◆ WORK INSTRUCTIONS ◆
Set down each line of the data exactly, but not the pictures.

◆ INFORMATION PROVIDED ◆
+++

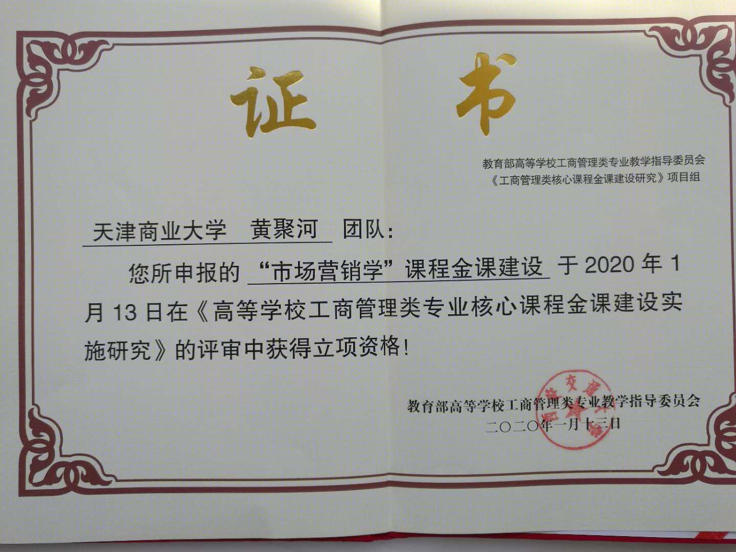 日前,教育部公布高校20项金课建设项目,公司伟德国际victor1946黄聚河教授负责的《市场营销学》团队,经四十多位专家的函评和会评,获得《教育部工商管理类核心课程金课建设》立项资格。
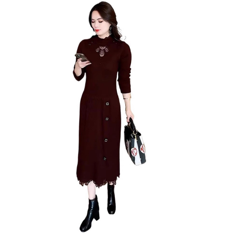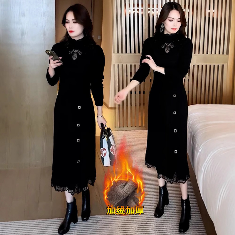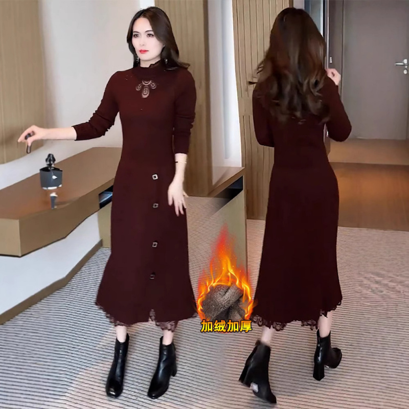 2025冬季新款加绒加厚长款针织连衣裙女时尚洋气配大衣打底毛衣裙
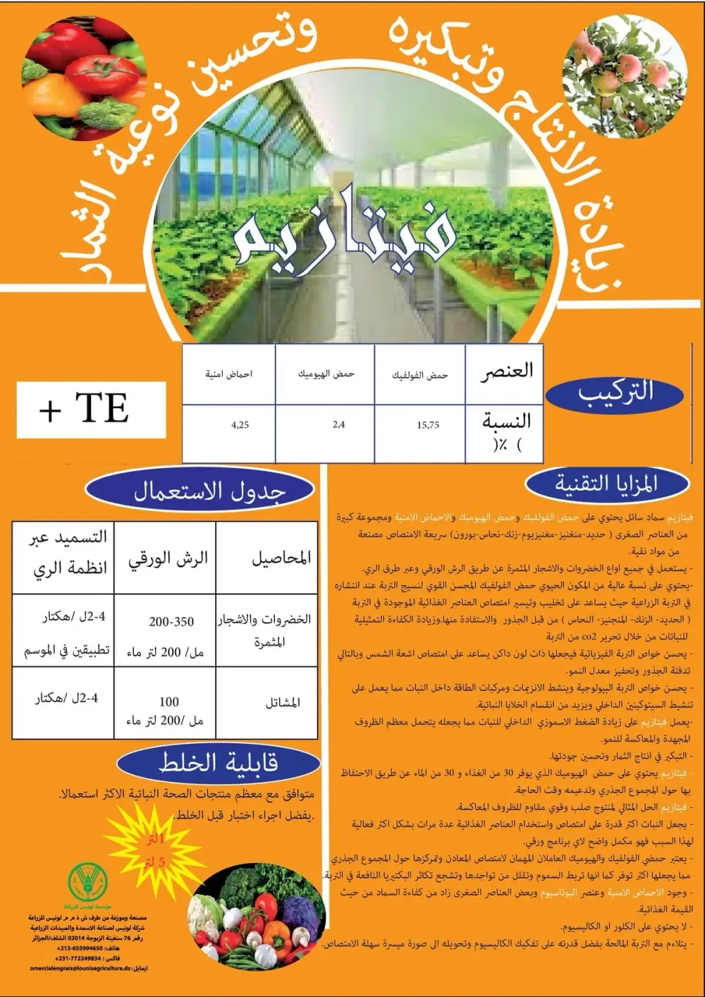 زيادة الإنتاج: يسرع من إنتاج الثمار ويحسن جودتها ليكون مكملا مثاليا لبرامج التسميد.

+++

◆ SOLUTION TO THIS PROBLEM ◆
 日前,教育部公布高校20项金课建设项目,公司伟德国际victor1946黄聚河教授负责的《市场营销学》团队,经四十多位专家的函评和会评,获得《教育部工商管理类核心课程金课建设》立项资格。
 2025冬季新款加绒加厚长款针织连衣裙女时尚洋气配大衣打底毛衣裙
 زيادة الإنتاج: يسرع من إنتاج الثمار ويحسن جودتها ليكون مكملا مثاليا لبرامج التسميد.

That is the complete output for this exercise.